Texting while driving is an epidemic in this country. Everybody knows it, yet millions of people continue to do this deadly act every time they get behind the wheel of a vehicle. If the fear of causing a wreck doesn’t stop people from texting while driving, what will? Perhaps having their driving privileges revoked just might be the ticket.
New York, like 40 other states, bans texting while driving. The state also gives police officers the authority to issue penalties to violators. If a motorist gets caught talking or texting on his or her cellphone enough times it could result in loss of driving privileges after receiving up to 11 points in an 18-month period. Police officers have had this authority for quite some time, but until now it hasn’t stopped most motorists from doing it.

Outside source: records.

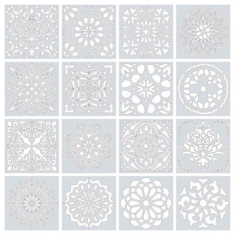 16 Pack Mandala Painting Stencils Drawing Dot Templates For Floor Wall DIY Decor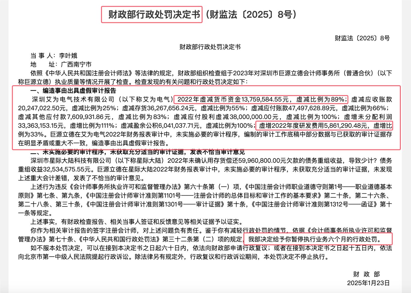 深交所发行审核网站显示,深圳艾为电气技术股份有限公司已受理已问询。然而财政部最近发布的一份财政部行政处罚决定书(财监法〔2025〕8号)却踢爆了一个公司 2022 年曾经显然了数据造假的事实。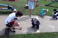 На физкультурном участке с детьми и родителями были проведены эстафеты на военную тему. Все дети проявили свою силу, ловкость, быстроту, внимание и умение дружить.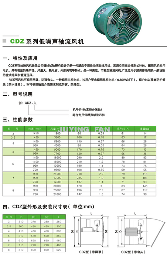 1、CDZ系列低噪聲軸流風(fēng)機(jī)
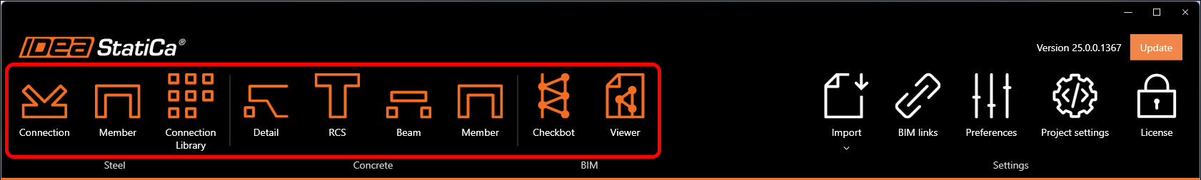 All IDEA StatiCa tools are listed in the top ribbon simply categorized under Steel, Concrete, and BIM groups, with new application icons.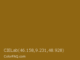CIELab 46.158,9.231,48.928 Color is a normal orange color and the nearest color is Corn Harvest #8b6b0b. Hex code #8f6612 and RGB value is rgb(143,102,18). In RGB color space, this color is composed of 56% red, 40% green, 7% blue, In CMYK color space, this color is composed of 0% cyan, 29% magenta, 87% yellow , 44% black , In HSL color space, this color has a hue angle of 40° , 78% saturation and 32% lightness.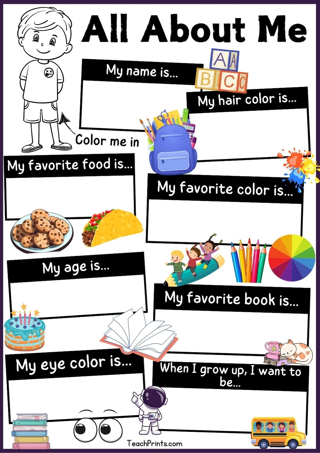 All About Me Printable Worksheets

But the interesting news coming out of New York recently is that Governor Andrew Cuomo stressed that one in five accidents in the state stems from distracted driving. As a result Cuomo has been getting serious about distracted driving and has increased the penalties under the DMV’s point system already in place. Violators will face a fine of up to as much as $150 for a first offense and five points on their license for each violation. This is an increase from the existing three point penalty system.

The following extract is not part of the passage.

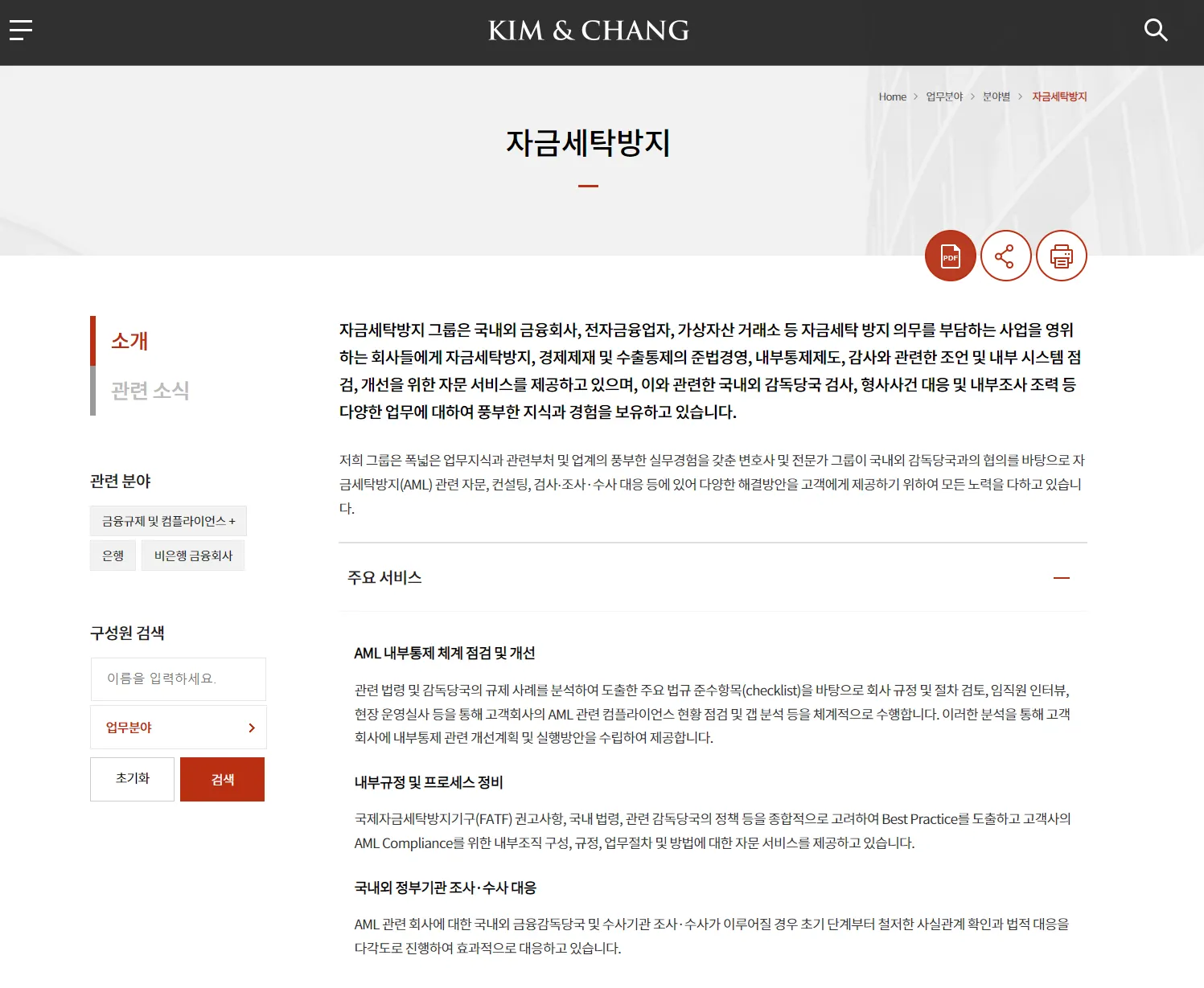 출처 : 김앤장법률사무소 홈페이지(https://www.kimchang.com/ko/expertise/view/aml-compliance)

I say it’s about time. New York might now rank as one of the toughest in the nation and I believe other states need to follow suit and issue harsher punishments for distracted driving before more lives are lost. Currently, New York is one of at least 11 states that allows for harsher penalties to motorists who are caught either texting or talking on a handheld cellphone while driving (D.C., Puerto Rico, Guam, and the U.S. Virgin Islands do as well).

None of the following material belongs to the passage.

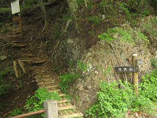 堂平分岐から、少しの間は緩やか道です。新緑に輝く樹木の間を登山道がS字に抜けていく風景はホントにキレイです。分岐から、15分ほどではじめての注意ポイントが現れます。クサリもあります。進行方向右側が崩落しており、登山道についた階段が今にも崩れ落ちそうな崖っぷちを登ります。注意して進みましょう。

If you ask me, this might be the wake-up call driver’s need across the nation. The fear of losing one’s license because police officers can begin issuing tickets every time they see someone texting while driving just might give people pause. Drivers need to focus on the task at hand, which is keeping their eyes on the road and hands on the wheel.
Currently federal estimates say distraction contributes to 16% of all fatal crashes, causing as many as 5,000 deaths every year. Despite these harsh realities motorists still can’t help, but text and talk on the handheld cellphones. It will also be interesting to see how the insurance companies get involved.
Ironically, the point system has been in place since 2010, but it was only until June that the state upped the ante on drivers. Anyone with a probationary or junior license who is caught texting and driving would have their license suspended for 60 days. After that, a second offense could mean the driver loses his or her license for six months.
It will be interesting to see just how many tickets police issue now and how many drivers stop talking and texting while driving if they think they just might lose their license.